I got to spend a significant amount of time with this wig-infested duo, holding a small portable stereo, in the bathroom line. They were very involved with this wigged stereo, caressing it’s hair, fondling it’s antennae, listening fondly to the dj on the radio, taking turns lip syncing the conversation happening and bobbing their heads to its tunes. They seemed to also be quite drunk and couldn’t walk properly and spent a good 15 minutes in the bathroom doing god knows what. Bizarre.
The bathroom itself was quite fascinating; prints of colored silhouettes engaged in all sorts of sexual activity, voices of two people conversating about being pregnant and sitting on a toilet seat, the door installed with a grid of door lock hooks, a mirror with an image of a scruffy man peering from the side (also by Lauren). It was quite interactive and entertaining.

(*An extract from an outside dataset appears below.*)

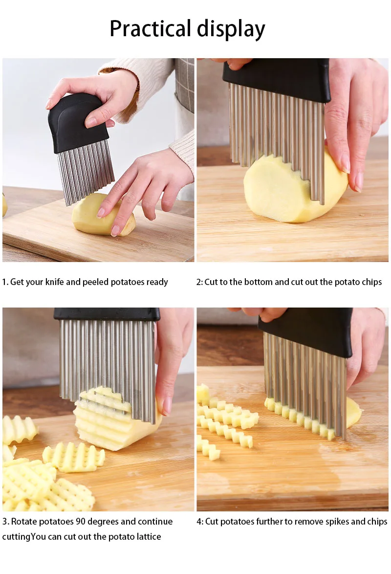 1: Recyclable and environmentally friendly.2: Strong and durable, used with sharp blades.3: The product does not contain harmful substances and is safe.4: Stainless steel, anti-rust.5: Easy to use, effortless vertical force slice.Note:1. Due to the different display and lighting effects, the actual color of the project may be slightly different from the color shown on the picture.2. Due to manual measurement, please allow 1-3cm measurement deviation.Package Included:1 x Potato Cutter(Cutter only, any other accessories not included)Product type: French Fry Cutters

I left the opening when it started to become unbearably crowded and I finished checking out each corner and crevice of the factory. I asked my friends what they thought of the show and they didn’t seem as impressed as I was. For one reason or another I loved and appreciated the unbiased and balanced intermingling of space, artwork, artist and viewer, all spread along the same visual plane, giving the opportunity to interact and co-perform. Each moment and each spot was an artwork waiting to happen or already happening. Surely the show would look completely different in the daytime and when the performances weren’t all happening all at once. It was energy of the night, of the people, of the simultaneity of it all that was gratifying to me.